-------- Data for analysis --------

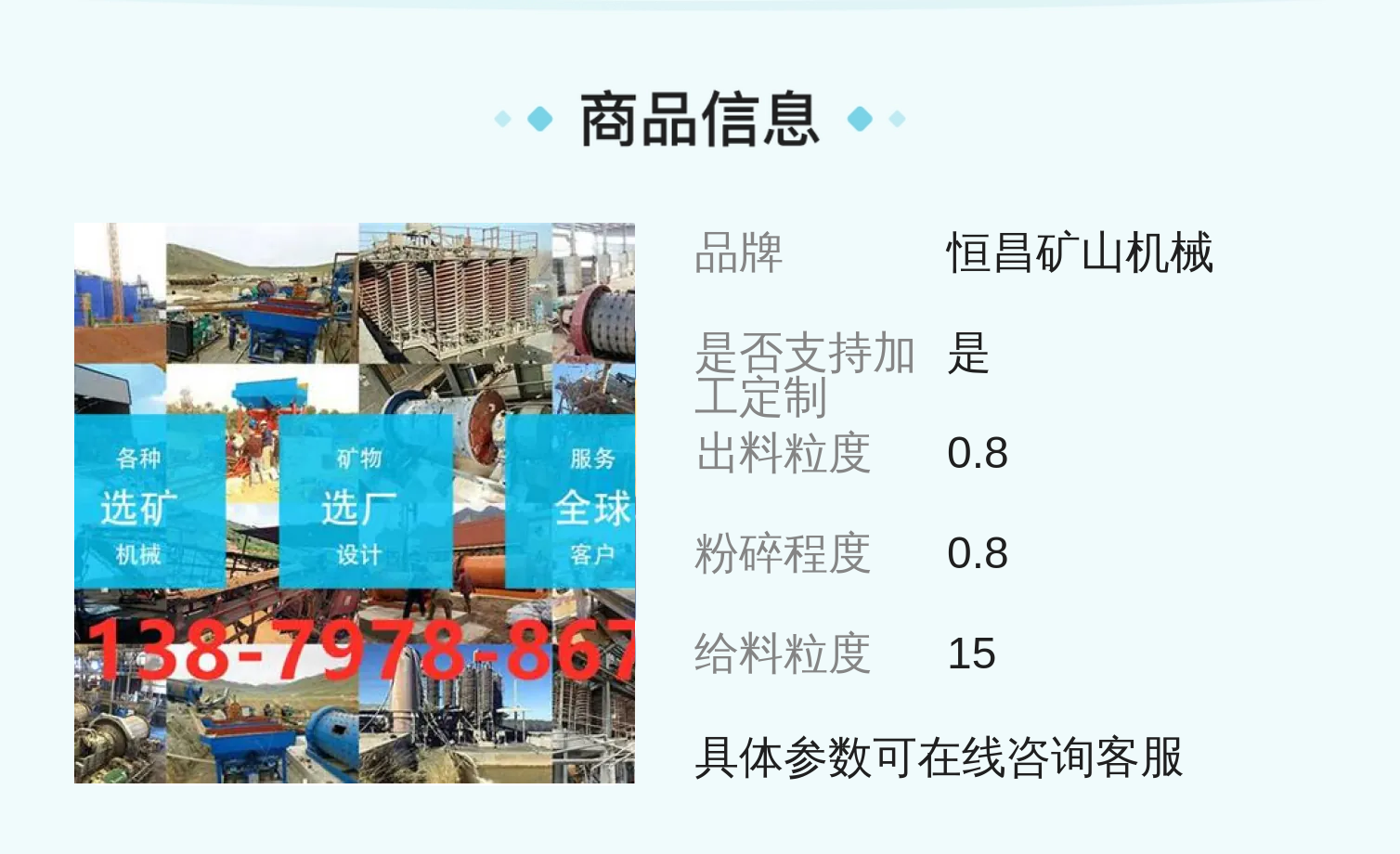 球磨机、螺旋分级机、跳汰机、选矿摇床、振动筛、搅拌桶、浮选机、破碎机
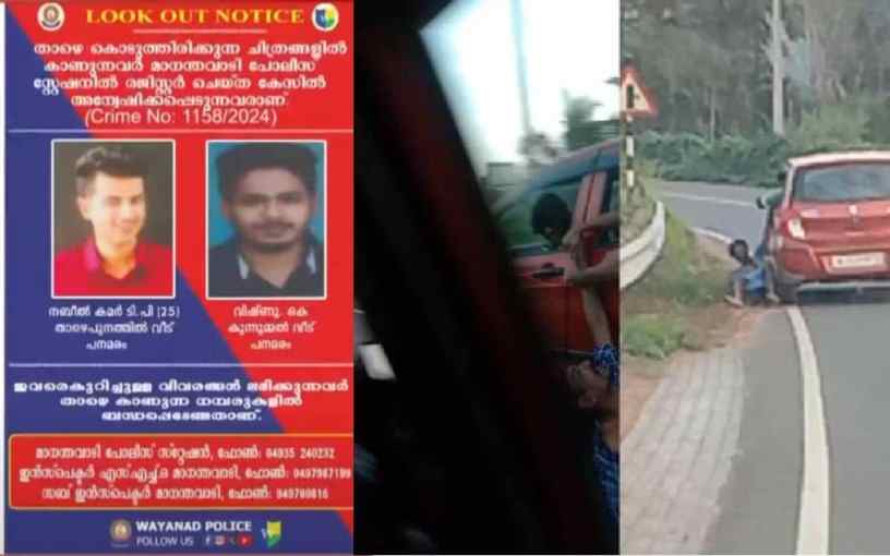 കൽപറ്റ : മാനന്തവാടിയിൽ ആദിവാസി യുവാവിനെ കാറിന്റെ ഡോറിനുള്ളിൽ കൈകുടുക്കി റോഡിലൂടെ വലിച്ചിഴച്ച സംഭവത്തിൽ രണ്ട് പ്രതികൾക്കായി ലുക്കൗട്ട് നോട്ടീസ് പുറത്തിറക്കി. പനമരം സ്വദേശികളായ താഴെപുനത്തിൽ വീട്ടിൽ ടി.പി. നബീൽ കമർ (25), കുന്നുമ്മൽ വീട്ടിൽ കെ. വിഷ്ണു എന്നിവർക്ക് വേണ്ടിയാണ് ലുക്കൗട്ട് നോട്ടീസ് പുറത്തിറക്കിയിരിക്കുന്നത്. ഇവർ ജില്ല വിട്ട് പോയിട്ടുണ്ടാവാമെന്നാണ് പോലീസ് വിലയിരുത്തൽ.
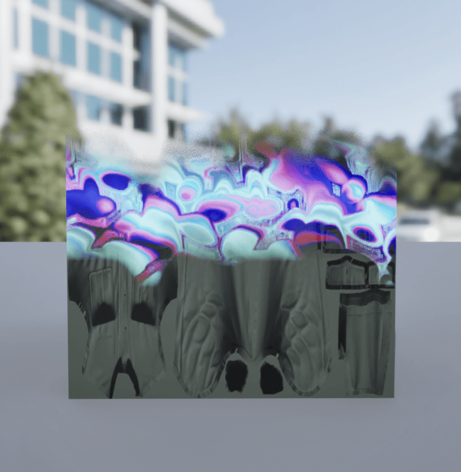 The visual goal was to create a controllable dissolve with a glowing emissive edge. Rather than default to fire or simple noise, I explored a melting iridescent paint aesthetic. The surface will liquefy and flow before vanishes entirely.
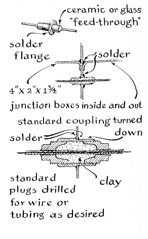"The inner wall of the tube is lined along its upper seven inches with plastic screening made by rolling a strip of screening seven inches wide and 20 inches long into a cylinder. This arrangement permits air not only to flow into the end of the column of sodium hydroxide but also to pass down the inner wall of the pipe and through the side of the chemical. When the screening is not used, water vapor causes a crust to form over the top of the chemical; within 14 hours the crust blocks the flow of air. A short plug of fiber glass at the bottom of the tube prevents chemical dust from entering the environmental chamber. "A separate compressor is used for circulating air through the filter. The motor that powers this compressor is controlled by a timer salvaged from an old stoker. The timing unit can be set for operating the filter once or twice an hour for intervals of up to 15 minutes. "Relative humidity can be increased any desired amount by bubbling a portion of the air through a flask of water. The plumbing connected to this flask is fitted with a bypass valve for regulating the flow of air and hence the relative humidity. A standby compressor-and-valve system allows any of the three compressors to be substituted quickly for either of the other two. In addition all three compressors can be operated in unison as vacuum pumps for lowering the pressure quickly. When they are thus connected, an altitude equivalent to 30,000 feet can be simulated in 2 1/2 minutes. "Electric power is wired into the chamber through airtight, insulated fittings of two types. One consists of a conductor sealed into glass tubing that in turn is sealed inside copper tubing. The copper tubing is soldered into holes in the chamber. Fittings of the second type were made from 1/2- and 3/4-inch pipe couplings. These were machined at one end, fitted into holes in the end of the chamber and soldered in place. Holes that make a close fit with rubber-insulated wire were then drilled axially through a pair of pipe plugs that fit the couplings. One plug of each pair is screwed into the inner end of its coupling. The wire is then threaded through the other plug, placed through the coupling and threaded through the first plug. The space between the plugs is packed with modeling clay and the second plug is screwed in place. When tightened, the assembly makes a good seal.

--------
-------- Data for analysis --------

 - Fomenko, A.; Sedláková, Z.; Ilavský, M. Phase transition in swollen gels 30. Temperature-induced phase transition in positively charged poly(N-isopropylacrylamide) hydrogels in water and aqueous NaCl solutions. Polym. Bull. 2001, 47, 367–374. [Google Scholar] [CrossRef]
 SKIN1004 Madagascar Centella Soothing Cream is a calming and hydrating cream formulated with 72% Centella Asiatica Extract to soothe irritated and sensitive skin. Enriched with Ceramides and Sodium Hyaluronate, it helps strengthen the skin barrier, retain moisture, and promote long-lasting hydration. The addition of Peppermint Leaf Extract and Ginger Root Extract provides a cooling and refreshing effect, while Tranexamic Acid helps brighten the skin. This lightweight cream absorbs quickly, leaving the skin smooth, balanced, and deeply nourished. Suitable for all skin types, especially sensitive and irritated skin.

--------
-------- Data for analysis --------

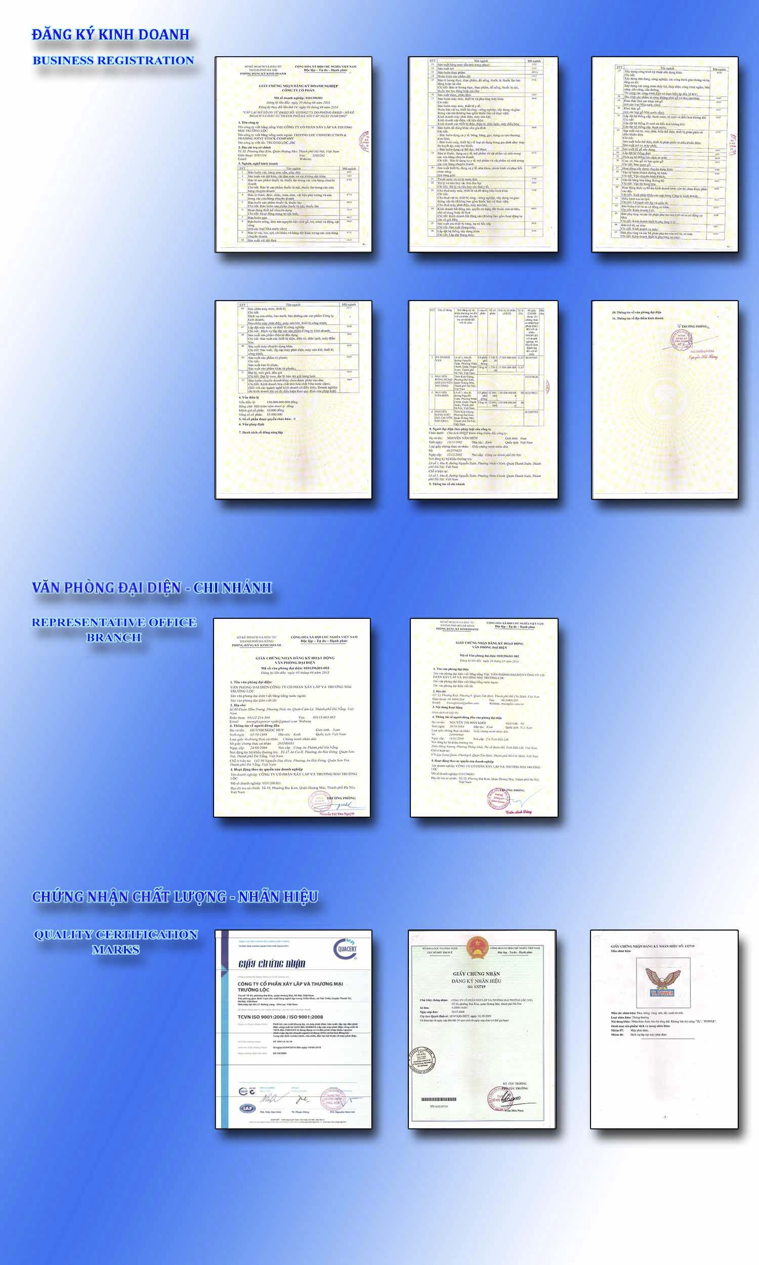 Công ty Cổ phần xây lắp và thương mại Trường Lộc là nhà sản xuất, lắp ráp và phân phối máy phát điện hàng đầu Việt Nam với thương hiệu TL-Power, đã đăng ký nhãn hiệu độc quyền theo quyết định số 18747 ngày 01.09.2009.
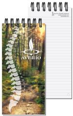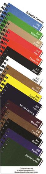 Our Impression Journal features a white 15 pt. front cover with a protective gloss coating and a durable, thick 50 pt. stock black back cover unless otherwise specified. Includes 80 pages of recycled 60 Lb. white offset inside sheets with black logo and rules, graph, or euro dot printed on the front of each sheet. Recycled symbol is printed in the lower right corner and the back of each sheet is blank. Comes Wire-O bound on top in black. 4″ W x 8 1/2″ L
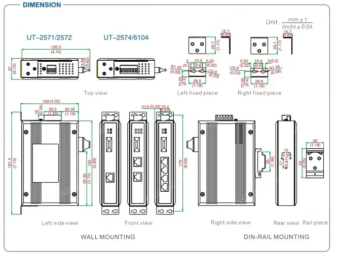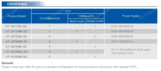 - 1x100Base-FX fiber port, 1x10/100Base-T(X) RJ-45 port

--------

◆ **Work instructions**
For the entries above, print exactly the lines between the one with "球磨机、螺旋分级机、跳汰机、选矿摇床、振动筛、搅拌桶、浮选机、破碎机" and the one with "The visual goal", inclusive, with no pictures.

◆ **Written answer**
 球磨机、螺旋分级机、跳汰机、选矿摇床、振动筛、搅拌桶、浮选机、破碎机
 കൽപറ്റ : മാനന്തവാടിയിൽ ആദിവാസി യുവാവിനെ കാറിന്റെ ഡോറിനുള്ളിൽ കൈകുടുക്കി റോഡിലൂടെ വലിച്ചിഴച്ച സംഭവത്തിൽ രണ്ട് പ്രതികൾക്കായി ലുക്കൗട്ട് നോട്ടീസ് പുറത്തിറക്കി. പനമരം സ്വദേശികളായ താഴെപുനത്തിൽ വീട്ടിൽ ടി.പി. നബീൽ കമർ (25), കുന്നുമ്മൽ വീട്ടിൽ കെ. വിഷ്ണു എന്നിവർക്ക് വേണ്ടിയാണ് ലുക്കൗട്ട് നോട്ടീസ് പുറത്തിറക്കിയിരിക്കുന്നത്. ഇവർ ജില്ല വിട്ട് പോയിട്ടുണ്ടാവാമെന്നാണ് പോലീസ് വിലയിരുത്തൽ.
 The visual goal was to create a controllable dissolve with a glowing emissive edge. Rather than default to fire or simple noise, I explored a melting iridescent paint aesthetic. The surface will liquefy and flow before vanishes entirely.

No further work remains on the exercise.